Location, location, location
The first and probably most difficult step is deciding where you want to elope. A quick Google search and the snowy mountains in Whistler, the tropical beaches of Bora Bora and the world are at your fingertips. Our advice? Let things like ideal aesthetic, climate and budget influence your decision.
OVERSEAS: For extra information, exact requirements or safety precautions for your overseas trip, contact the consulate of your destination location in Australia. If you’re in a same-sex couple, look up the LGBTI+ rights and marriage laws for your chosen location on the US government travel website.
Visit our handpicked gallery of stunning destination wedding locations in Australia here.
2. Finding a marriage celebrant
With the power of the internet and social media, you can find the perfect celebrant on Instagram, Facebook or Google in a matter of seconds. Alternatively, ask friends, family, other vendors or check at your local registry office for more options. Wanting to get married in a church or chapel? You’ll have to find a religious celebrant or minister to deliver the official ceremony.
OVERSEAS: If you’re getting married overseas your celebrant must have the authority to carry out a legal wedding in that country – you’ll want to triple check this! Overseas countries may also have a range of other conditions for celebrants delivering legal wedding ceremonies in order for them to be considered valid back in Australia.
If you want to skip all the fuss, consider having a symbolic ceremony overseas and a quick, official one back home (even just to sign the paperwork!).
3. Submitting a Notice of Intended Marriage
Now here’s where the preparation kicks in. Sure, you can have an easy, breezy elopement ceremony on a New Zealand mountaintop, but no matter where your wedding is, you’ll need to submit a Notice of Intended Marriage to your celebrant no less that one month and no more than 18 months before the big day.
You will also need to provide your celebrant with evidence of identity, date and place of birth and termination of any prior marriages in advance. So, get your papers sorted!

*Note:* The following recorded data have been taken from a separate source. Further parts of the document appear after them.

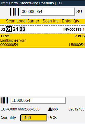 Here you can scan a Storage Place. After this, the MDE will then open B3.2 Perm. Stocktaking Positions, where you can tap on and correct the inventory you want to adjust. This whole process will take place in a SNCL stocktaking with the type Inventory Correction MDE.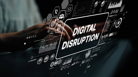 Hands Typing on Keyboard with Digital Disruption Concept and Technology Graphics Representing Innovation and Change in Business. Asymptotic smart data analytic.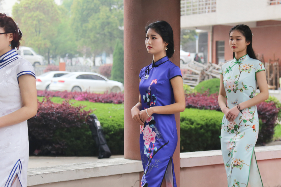 “素胚勾勒出青花笔锋浓转谈,瓶身描绘的牡丹一如你初妆……”伴着一曲中国风的《青花瓷》,8位旗袍女子分成两组,沿着艺术楼中央的长廊款款走来。她们或手执团扇,或撑一把油纸伞,姿态优雅,步伐缓慢轻盈,向观众展示古典和淡雅两种风格的旗袍。

For a marriage to be valid in Australia you’ll need two witnesses (as well as your celebrant) to be present at the ceremony and signing of marriage certificates. If you’re after a super-intimate ceremony, consider skipping the tiny guest list and using photographers or videographers as your witnesses.

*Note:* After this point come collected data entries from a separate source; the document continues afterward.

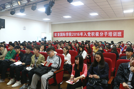 10月13日——16日,欧亚国际学院分党校举行2016年入党积极分子培训班,155名入党积极分子的参加,培训班采取课堂教学、校园文明创建实践环节、分组讨论及学员课外自学相结合的方式进行。欧亚国际学院党委高度重视本次入党积极分子培训班,邀请并组织学校正处级纪检监察员张秋梅、原马列德育教研部主任马树功教授、欧亚国际学院党委书记谷跃峰以及学院党务负责人、学生支部书记担任此次培训讲师。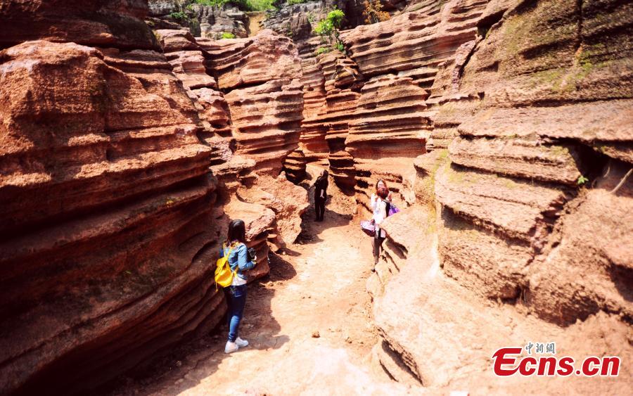 A view of Karst landform composed of red mudstone, valleys, and cliffs in Youyang county, Southwest China’s Chongqing municipality. The area is under development to become a tourist attraction. (Photo: China News Service/Chen Bisheng)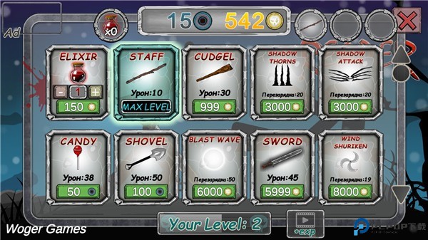 6、通过关卡或失败后就会进行结算,用获得的金币可以在主页的商店中购买各种武器道具。

5. Sign the marriage certificate
You, your new spouse and the witnesses will need to sign three marriage certificates on the day as proof of marriage and validity back in Australia. Some overseas certificates require all parties to be in the country for a specific amount of time or undertake religious ceremonies while overseas. Double check all of the finer details via the destination’s consulate and through our wedding guides tailored to each country.

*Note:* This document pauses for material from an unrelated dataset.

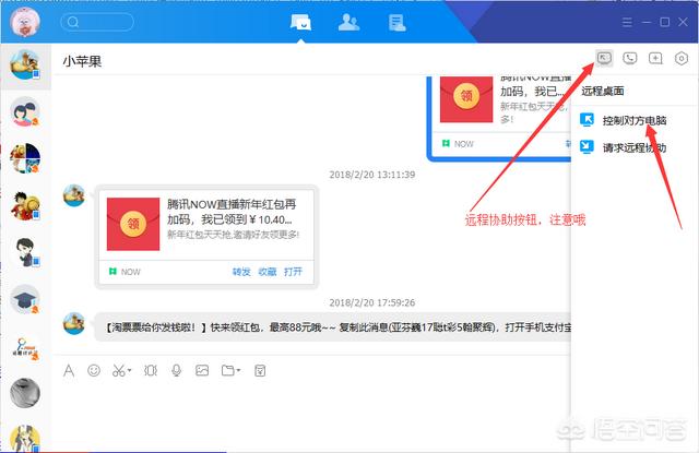 如果你是协助方,选择控制对方电脑即可,如果你是求助方,则选择请求远程协助

Thinking about eloping but not sure where? You can search this gorgeous directory of wedding locations in Australia and the world by location!
6. File the marriage certificate
If you elope in Australia, your celebrant must file the marriage certificate within 14 days of the ceremony. No slacking off!
OVERSEAS: If you get married overseas, hold onto your marriage certificate as it is the only proof of marriage you’ll have when you arrive back in Australia. You will also need the original copy of this to change your name and other identification purposes. Your overseas elopement will be legal when you arrive back home if it was recognised as valid in the country that you said ‘I do’ in and if it is recognised as legal and valid in Australia.
See all the official conditions for legal marriage in Australia via government websites.
The Backup Plan
If all else fails, remember that you can have the best of both worlds. In the end it’s your day and you can always have the magical beach ceremony you’ve always dreamt of and make it legal back home either before or after the big day.